A new study released by next-generation Internet browser Shift unveils a growing divide over how Internet users approach artificial intelligence capabilities online, with deep divisions between AI capabilities and user trust in them.


Among the top concerns shared over the integration of AI into modern browsers are privacy issues and environmental impact. However these concerns have not noticeably tempered the demand for AI features.

Topline Context

According to the report, AI usage is both high and growing. Of those surveyed, 82% report engaging with AI at least occasionally, with tech workers and younger users indexing higher on their usage.

However AI is not yet overtaking traditional search as a source of answers to users' questions. According to the study, 68% still rely on traditional search engines like Google, compared to only 21% citing AI tools like ChatGPT (about 10% say they use both equally).

The outlook for that to change is only slightly leaning AI’s way. Less than a third (32%) say they expect to use AI tools more in the future, compared to 44% who say they’ll stick with traditional search.

Instead, AI use is centered around three main areas:

  • Research Assistance: 49%
  • Task Automation: 37%
  • Drafting Content: 34%

These results shift a bit between demographics, with 50% of Gen Z saying they primarily want AI to provide personalized recommendations, compared to 33% of the total audience surveyed.

AI Barriers: Privacy and Planet

For all of AI’s potential and expressed interest among browser users, the single largest concern reported is privacy, with nearly half (45%) of respondents citing privacy concerns as their main reason for hesitancy. Driving this is a lack of trust in where their data and information goes.

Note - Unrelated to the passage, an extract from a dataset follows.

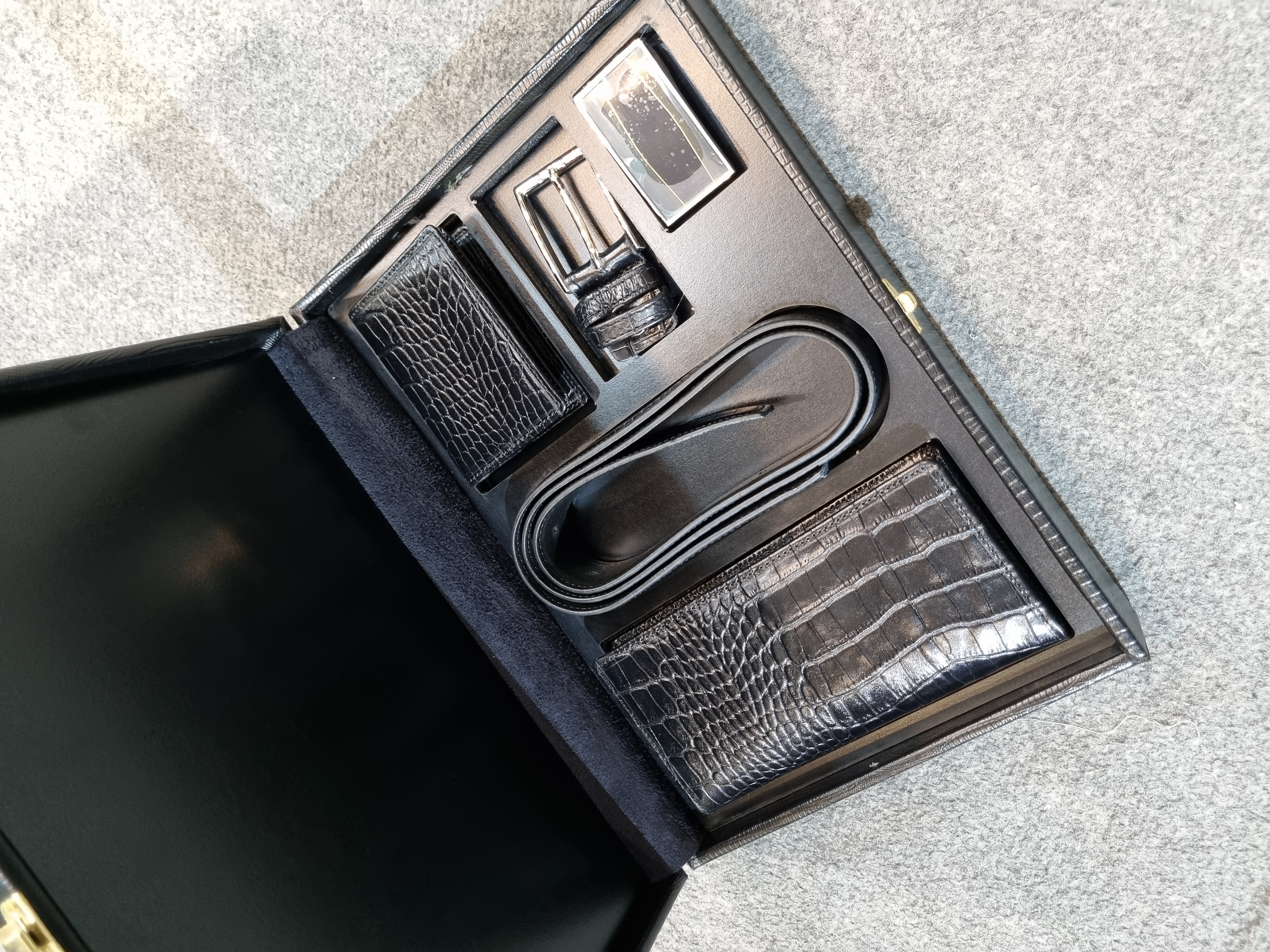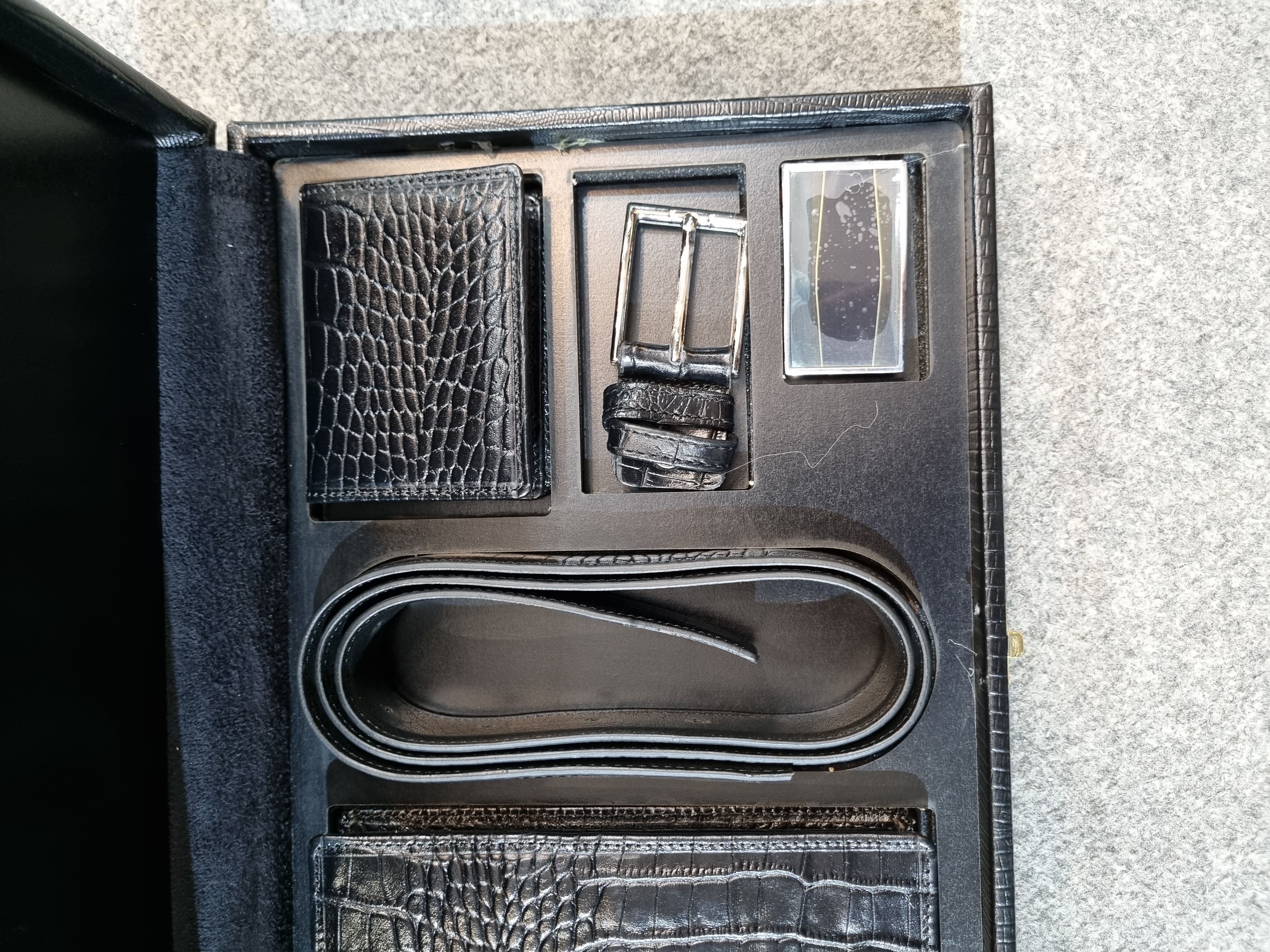 این محصول از چرم طبیعی اعلا تولید شده است و یک ست بسیار خاص و لاکچری برای استفاده هستش.در این ست سه محصول ترکیب شده است که شامل کیف پولی،جاکارتی و کمربند که کمربند این ست دارای دو سری مختلف پلاکدار و میخی میباشد. این محصول بهترین گزینه برای هدیه دادن برای آقایون میباشد.

Another 35% say they don’t trust how AI-generated content might be used, while a nearly equal number (34%) expressed doubts about the accuracy of AI results. The result is a trust gap that requires more than a slick user interface to address.

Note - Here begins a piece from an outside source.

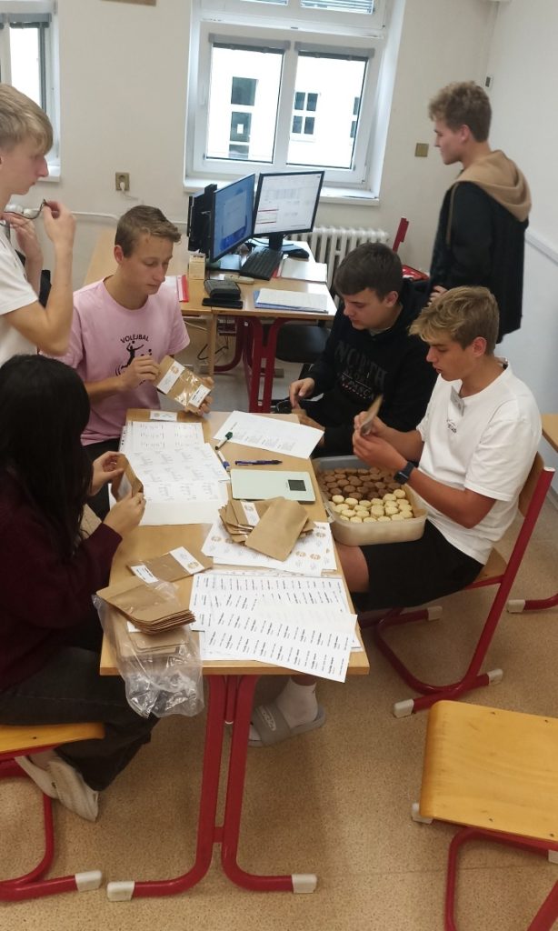 V pátek 10. 10. 2025 jsme se dlouho do odpoledních hodin připravovali na náš první prodej ovesného sortimentu. Lepili jsme etikety, připravovali balíčky a ladili každý detail.

Instead, for AI to grow further, providers must make transparency a default feature, with explicit details provided about how data is handled, models are trained, and privacy protected.

The environmental cost of AI is another major concern, with 57% of respondents saying they are either “very” or “somewhat” concerned about the energy and water consumption of AI infrastructure. Only 24% say they’re not concerned, and 19% were not aware of the energy usage issue.

Interestingly, those figures increase among those using AI the most. IT and Tech workers (the most active AI users at 62% daily) say they are either very concerned (35%) or somewhat concerned (44%) about the environmental impact of their AI use.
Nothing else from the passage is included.